How do we even know what we want?

intention nlp values why May 02, 2022

How do we even know what we want?

Tough question, especially when it comes to make decisions. 

As a psychotherapist, I have been exposed to, and trained in a wide variety of approaches to increase mental health and recovery. There are some that I resonate strongly with, and did when I first studied them, and there are others that just didn’t sit as well with me, and still don’t. And there are others that switched camps over time.

I like the framework around NLP. In many ways, my relationship with this approach is much like my relationship with other ideas, and people for that matter. I get to know a bit, and then decide if I want to get to know more. Some people (and ideas) I like right away. Others, it takes me a while to warm up to.  It’s only been recently that I have actually felt more comfortable with the idea of something (or someone) leaving my circle of “liking,” even if I had to be the one to decide to leave.

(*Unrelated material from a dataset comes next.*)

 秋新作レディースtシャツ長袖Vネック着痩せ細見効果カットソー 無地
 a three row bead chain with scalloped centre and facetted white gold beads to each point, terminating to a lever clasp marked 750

As a teenager, I participated in a youth group through the Y that went to an annual, week-long conference called “High School Values Conference.” It was pretty much the highlight of my summers. While it explored values, it was framed in the Christian tradition.

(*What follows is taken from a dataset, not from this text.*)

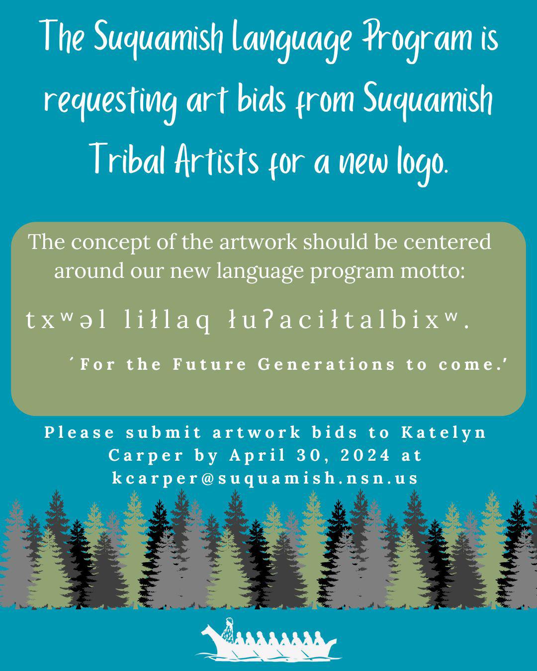 Culture Committee meets April 9, 1-3pm at OTC and online. To add to agenda or attend, email Katelyn Carper at kcarper@suquamish.nsn.us.

In NLP, I have been exploring the notion of values, in a more generalized sense, and not through a lens of a given religious tradition. I work in a new way now, using the great resource of a person’s value structure and hierarchy, to help people increase mental health and recovery. This has increased people’s “felt sense” of their truth, and brought a more soul-filled way of working to my work.

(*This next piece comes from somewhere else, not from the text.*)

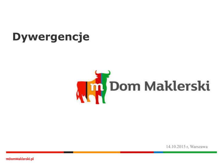 Dywergencje 14.10.2015 r, Warszawa Klaudia Morawska Absolwentka Uniwersytetu Warszawskiego. Z rynkami finansowymi związana od 2011 roku. Specjalizuje się w analizie mechanizmów psychologicznych mających wpływ na proces inwestowania. Pracownik Domu Maklerskiego mBanku od 2014 roku. Na co dzień odpowiedzialna za wsparcie Klientów oraz prowadzenie szkoleń. Do głównych zainteresowań należy badanie rozwoju polskiego złotego na rynku Forex oraz czytanie książek. Dywergencje |2 Pojęcie dywergencji Dywergencja – rozbieżność, tworzą ją nieprawidłowości w kształtowaniu się wykresu wskaźnika w stosunku do wykresu ceny Wyróżnić możemy dwa główne rodzaje dywergencji: • Regularną służy najczęściej do wyznaczania potencjalnych ekstremów, szczytów czy też dołków momentów zmiany trendu (tu dzielimy dywergencje na pozytywną oraz negatywną) • Ukrytą ta służy głównie do wskazywania miejsc potencjalnej kontynuacji głównego trendu na danym instrumencie podczas jego korekty. | Dywergencje |3 Gdzie i kiedy możemy stosować dywergencję? • W zasadzie na każdym rynku oraz interwale czasowym • Dywergencje można obserwować na niemal wszystkich oscylatorach (MACD, RSI, Stochastic) Dywergencje |4 MACD - klasyczne zachowanie wskaźnika 2 wyższe szczyty na wykresie i wskaźniku 2 wyższe dołki na wykresie i wskaźniku RSI – klasyczne zachowanie wskaźnika Optymalizacja wskaźnika RSI, 14 (close) RSI, 10 (weighte d) Parametry wskaźnika powinny być tak dobrane aby punkty zwrotne na wykresie wskaźnika jak najdokładniej odzwierciedlały te punkty na wykresie ceny. |7 Dywergencja negatywna Ma ona miejsce wtedy gdy coraz wyższym „szczytom” na wykresie cenowym, odpowiadają coraz niżej położone „szczyty” na wykresie wskaźnika. Sytuacja taka uznawana jest za sygnał do sprzedaży. Interesują nas szczyty (opory) Tego typu układ może zapowiadać koniec SWINGU (trendu, korekty czy impulsu) Dywergencje |8 Podwójna negatywna dywergencja |9 Dywergencja pozytywna Z taką sytuacją mamy do czynienia wtedy, gdy coraz niższym „dołkom” na wykresie ceny odpowiadają coraz wyżej położone „dołki” na wykresie wskaźnika. W takim przypadku mówić możemy o sygnale do kupna na danej parze walutowej. Interesują nas dołki (wsparcia) Tego typu układ może zapowiadać koniec SWINGU Dywergencje | 10 Podwójna pozytywna dywergencja 21,5249 -0,0421203 23,4760 -0,0104238 | 11 Dywergencję należy potwierdzić… • • • • Wsparcia i Opory Geometria Fale Elliota Inne | 12 Dywergencja i Geometria | 13 Dywergencje i linie wsparcia – Gold Wsparcie na W1 Interwał D1 Dywergencja | 14 Dywergencja Wewnętrzna by Vlad Ribakov 1.Wariacja na temat Dywergencji 2.Korzystamy ze Stochastica i MACD 3.Dywergencja wewnętrzna łączy się ze zwykłą do określenia miejsca otwarcia pozycji. Kolejność ma znaczenie. | 15 Ukryta Dywergencja Wzrostowa Cena Przy klasycznej dywergencji patrzyliśmy na szczyty tu patrzymy na dołki Wskaźni k | 16 Wskaźnik powinien podążać za ceną. | 17 Ukryta Dywergencja Spadkowa Cena Wskaźni k Przy klasycznej dywergencji patrzyliśmy na dołki tu patrzymy na szczyty | 18 Przykłady | 19 Połączenie dywergencji wewnętrznej i zwykłej Wewnętrzna na H4 EURCAD | 20 Dywergencja zwykła na mniejszej skali Interwał H1 BUY a Stop Loss na wsparciu z wyższej skali | 21 Podsumowanie „Dywergencja nigdy nie kłamie, czasami bywa po prostu źle zinterpretowana.” • Proste narzędzie pokazujące wyczerpanie ruchu • Może służyć do tworzenia kompletnej strategii • Może pokazywać kierunek zawierania pozycji | 22 Dziękuję za uwagę [email protected] tel. +48 (22) 329 49 26 | 23

How do you discover your own value structure and hierarchy? There are four main concepts that are useful to begin the process: 

  1. We have a conscious mind and an unconscious mind. When we are actively learning new information, we are using our conscious mind to learn and retain the information. Once we learn something, neuroscience has indicated that this learning goes into the unconscious mind. Sometimes this learning is useful (walking is a good example), and sometimes it isn’t useful (various triggers which may lead to unhelpful responses).
  2. Many of us often use language to explain our experience of ourselves as “parts.” While this is metaphorical, on an emotional level, our “felt sense” is that we may feel we have a committee of people inside of ourselves, battling for control.
  3. Every behavior has a positive intention. Again, learnings that were useful at one time go into the unconscious mind, and the feeling, thought or behavior has a good reason for doing what it does, from its perspective. Exploring what that might be is one way to discover what it values.
  4. And finally, knowing the why of your why of your why (of your why of your why, etc.) leads you into deeper discovery of what your values really are for any given context. Sometimes these values may cross over into other contexts.